**Assignment:** Everything from the line with "31.05. Kosmiczny Dzień" to the line with "Skvělé místo na" in the listing below, both lines included, needs to be copied exactly, apart from the pictures.

Exercise data below:

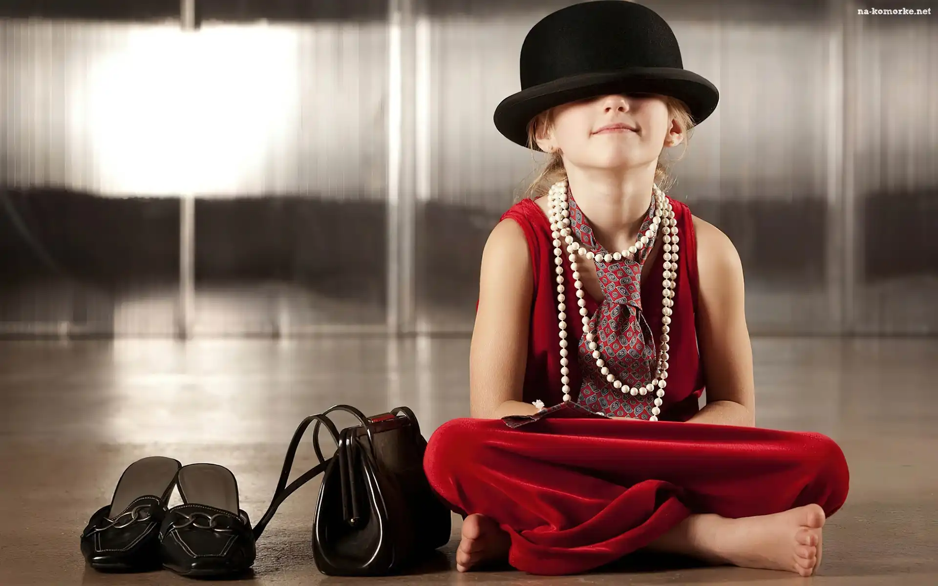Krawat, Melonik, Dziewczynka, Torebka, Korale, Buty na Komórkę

End of Exercise data.
Exercise data below:

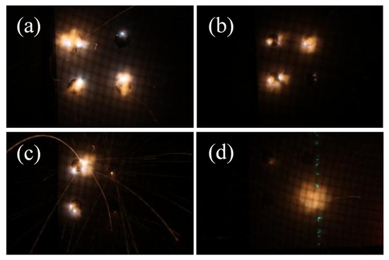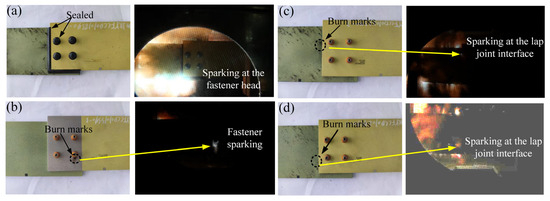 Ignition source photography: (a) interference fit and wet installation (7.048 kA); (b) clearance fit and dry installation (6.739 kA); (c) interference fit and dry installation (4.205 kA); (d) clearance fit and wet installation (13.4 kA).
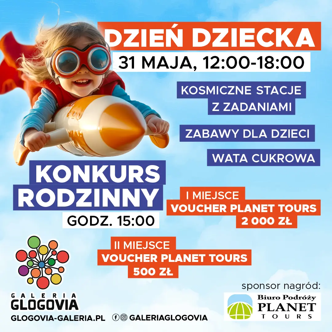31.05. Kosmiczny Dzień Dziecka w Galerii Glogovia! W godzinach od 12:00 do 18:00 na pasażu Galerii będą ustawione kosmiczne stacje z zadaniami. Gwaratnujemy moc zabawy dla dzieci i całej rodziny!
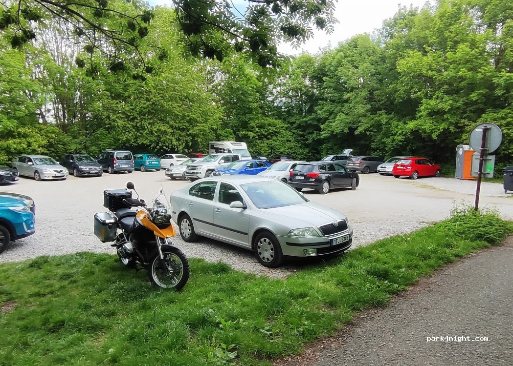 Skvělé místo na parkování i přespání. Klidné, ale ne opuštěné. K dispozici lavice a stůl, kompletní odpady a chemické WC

End of Exercise data.
Exercise data below:

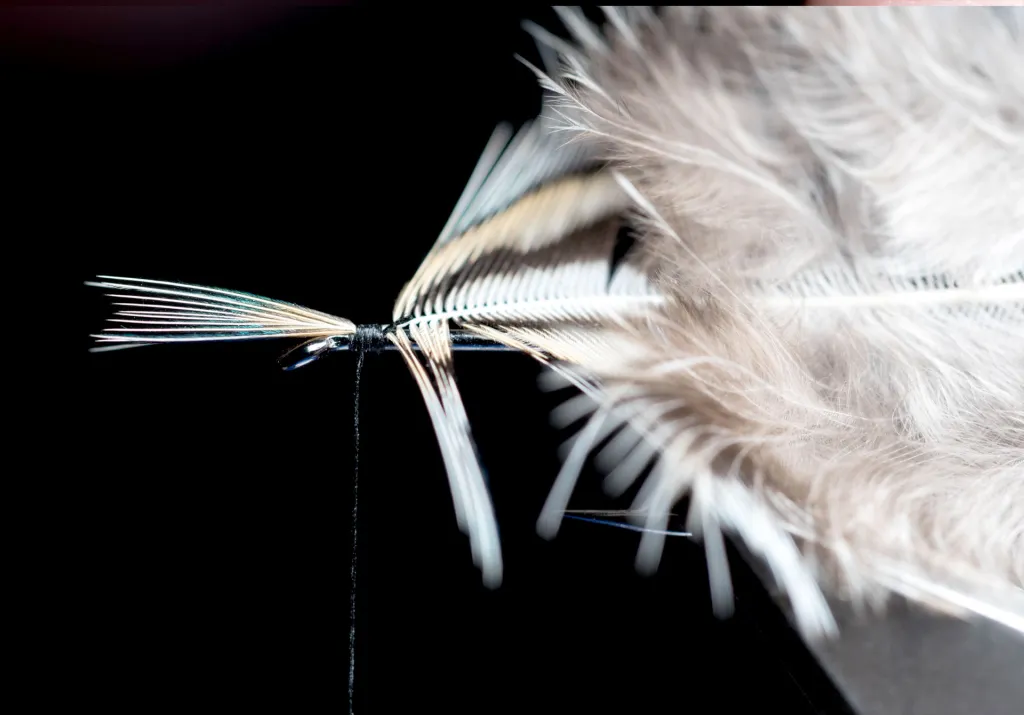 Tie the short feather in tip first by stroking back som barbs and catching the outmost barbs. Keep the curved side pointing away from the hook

End of Exercise data.

**Answer:**
31.05. Kosmiczny Dzień Dziecka w Galerii Glogovia! W godzinach od 12:00 do 18:00 na pasażu Galerii będą ustawione kosmiczne stacje z zadaniami. Gwaratnujemy moc zabawy dla dzieci i całej rodziny!
 Skvělé místo na parkování i přespání. Klidné, ale ne opuštěné. K dispozici lavice a stůl, kompletní odpady a chemické WC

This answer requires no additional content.